The despair that descended was now so familiar we were on first-name terms.

A huge question mark hung over the historians’ work. But what about the primary sources? Surely those who had lived through the Bakumatsu and survived to write memoirs or to be interviewed could be trusted?

Conflicting accounts proved otherwise. Two people remembering a battle 50 years later will not tell the same story. Apart from lapses in memory, there is also the inseparable tint – or taint – of character. Anyone speaking of the past is bound to colour it: He wants himself, his comrades and his enemies remembered a certain way.

Despair was back again, showing me pictures of its children, Suspicion and Tight Feeling In The Stomach.

With so much that could not be verified, my account of the Bakumatsu would only be as reliable as a retelling of a reworking of a record of a recollection.
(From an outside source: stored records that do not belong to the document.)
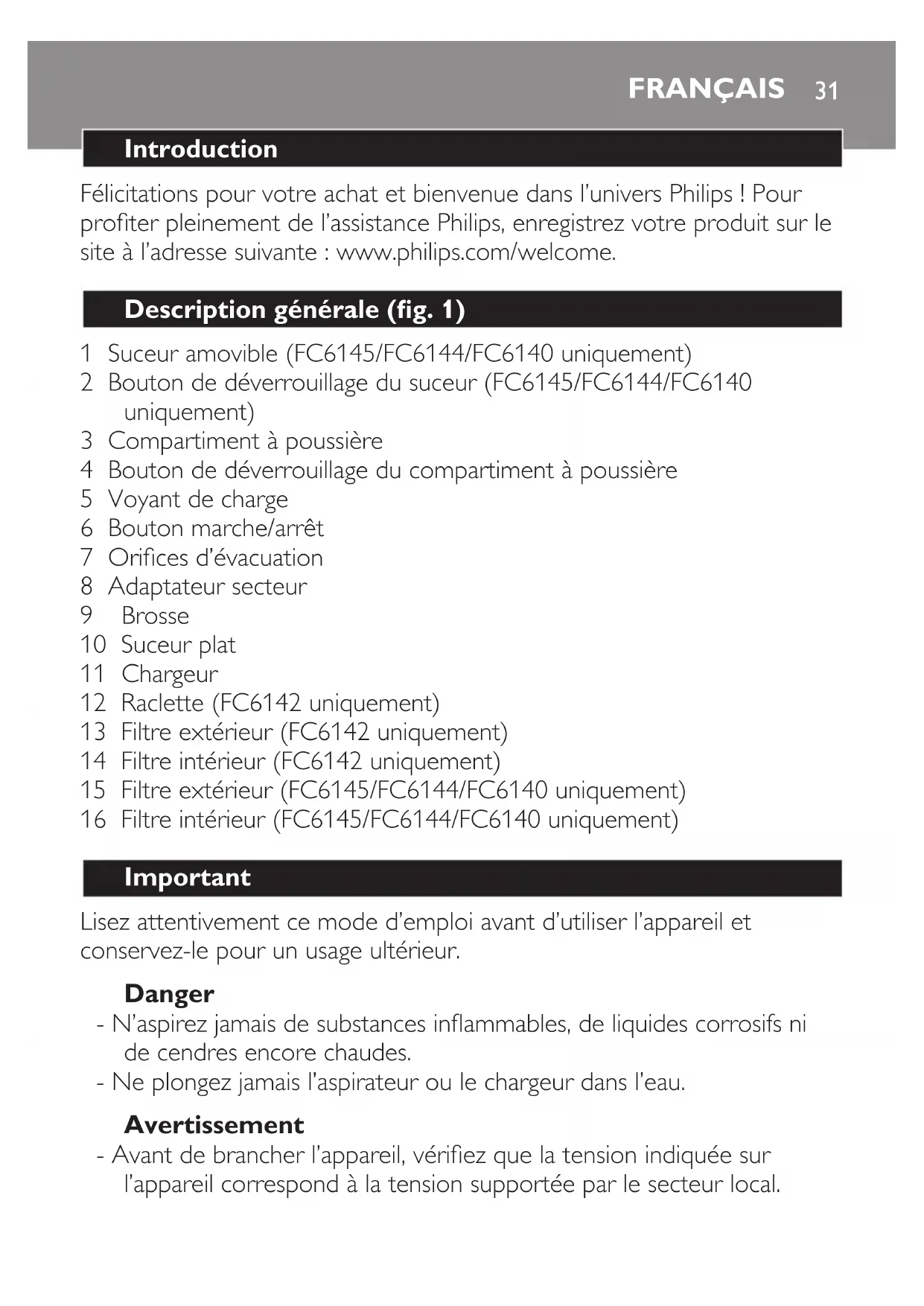 Retrouvez gratuitement la notice de l'appareil MiniVac FC6145 PHILIPS au format PDF.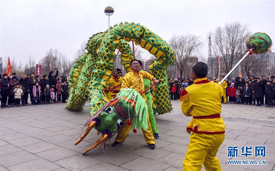 这是河北省阜城县花会展演上的舞龙表演(2月18日摄)。 2月18日,河北省阜城县元宵花会展演拉开帷幕,秧歌、舞龙、舞狮等展演节目增添了节日的喜庆气氛,给全县人民送上“文化大餐”。 新华社记者李晓果摄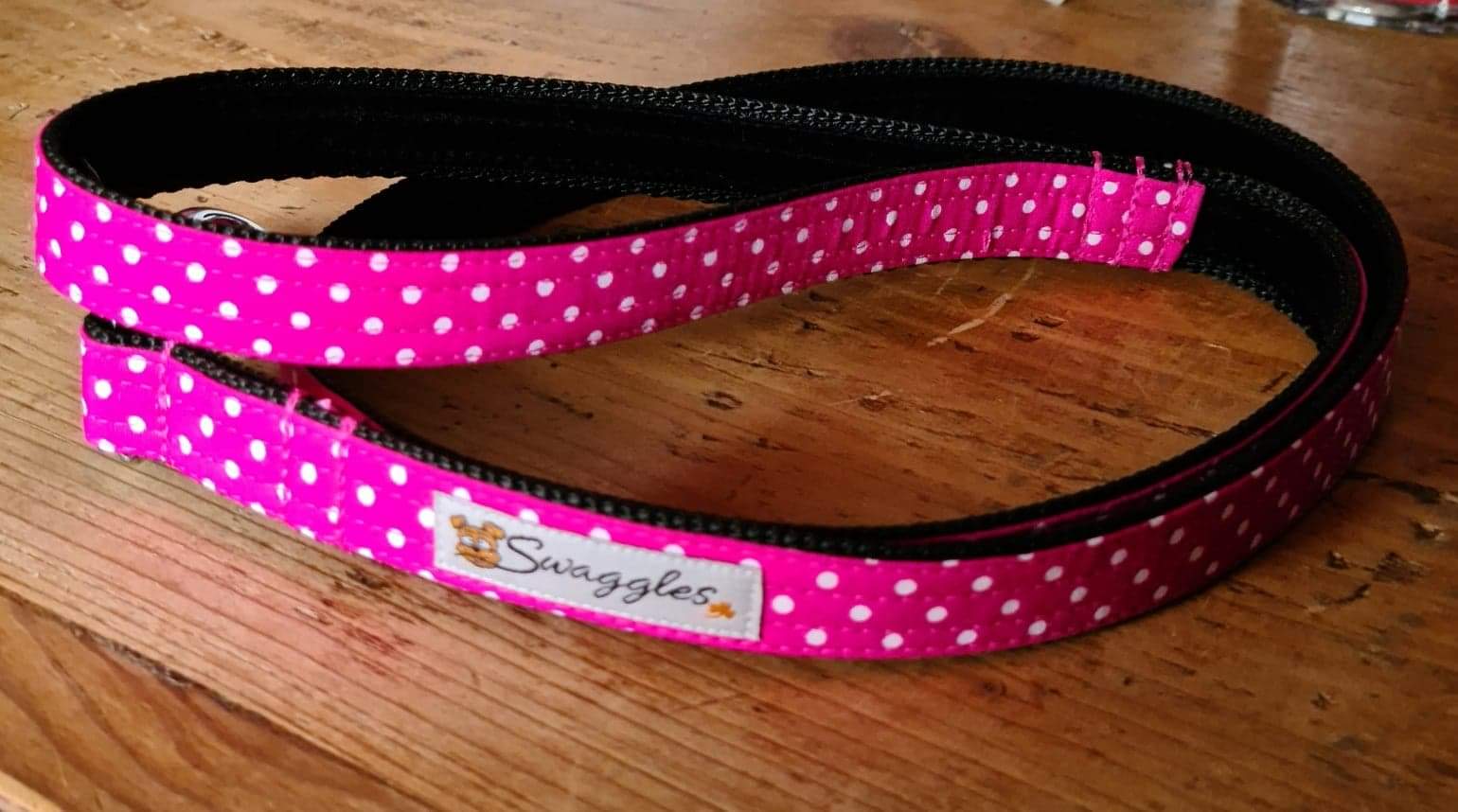 A bright & vibrant cerise pink & white spot lead, the lead is a combination of fabric on one side and black velvet ribbon on the other, handle is lined with velvet for comfort.

It seemed like the most scrupulous thing to do would be to abandon the project – even if it meant throwing away half a year’s work.

But Despair reminded me that the last time we met, it was to angst over the unreliability of information in general. Whether the matter was the state of an inn maid’s undress or the rate at which the Himalayan glaciers were melting, it might be impossible to be certain about anything.

Yet whether the issue is history or climate change, walking away does not seem to be the answer.

In the face of so much uncertainty, it is still possible to choose and – more important – to be honest about the limits of your choice. Acknowledging the shifting ground under your feet makes it easier to stand in it – and to take a different stance if something new is revealed when the winds change.

The past four pieces that appeared under this label were my Bakumatsu. They are not authoritative essays on the period but a trail of breadcrumb words leading to a time 150 years ago, when Japan was plunged into crisis and men and women at every level of society and all sides of the conflict responded with courage, fear, self-interest, self-sacrifice, irrationalism, imagination and every shade of complexity available to the human heart.

Breadcrumb trails don’t last but if this one took you far enough to start looking for your own Bakumatsu – or just elsewhere for a little while – it’ll have lasted long enough.

The Ninomaru palace in Kyoto's Nijo castle where, in November 1867, shogun Tokugawa Yoshinobu summoned all the feudal lords present in the city and announced his decision to return his political powers to the throne. This marked the end of over two centuries of military rule by the Tokugawa house and paved the way for Japan to become a modern nation.

Before throwing away the epic notes, I thought that I'd take a few souvenir shots of some of them. Each sheet is A4.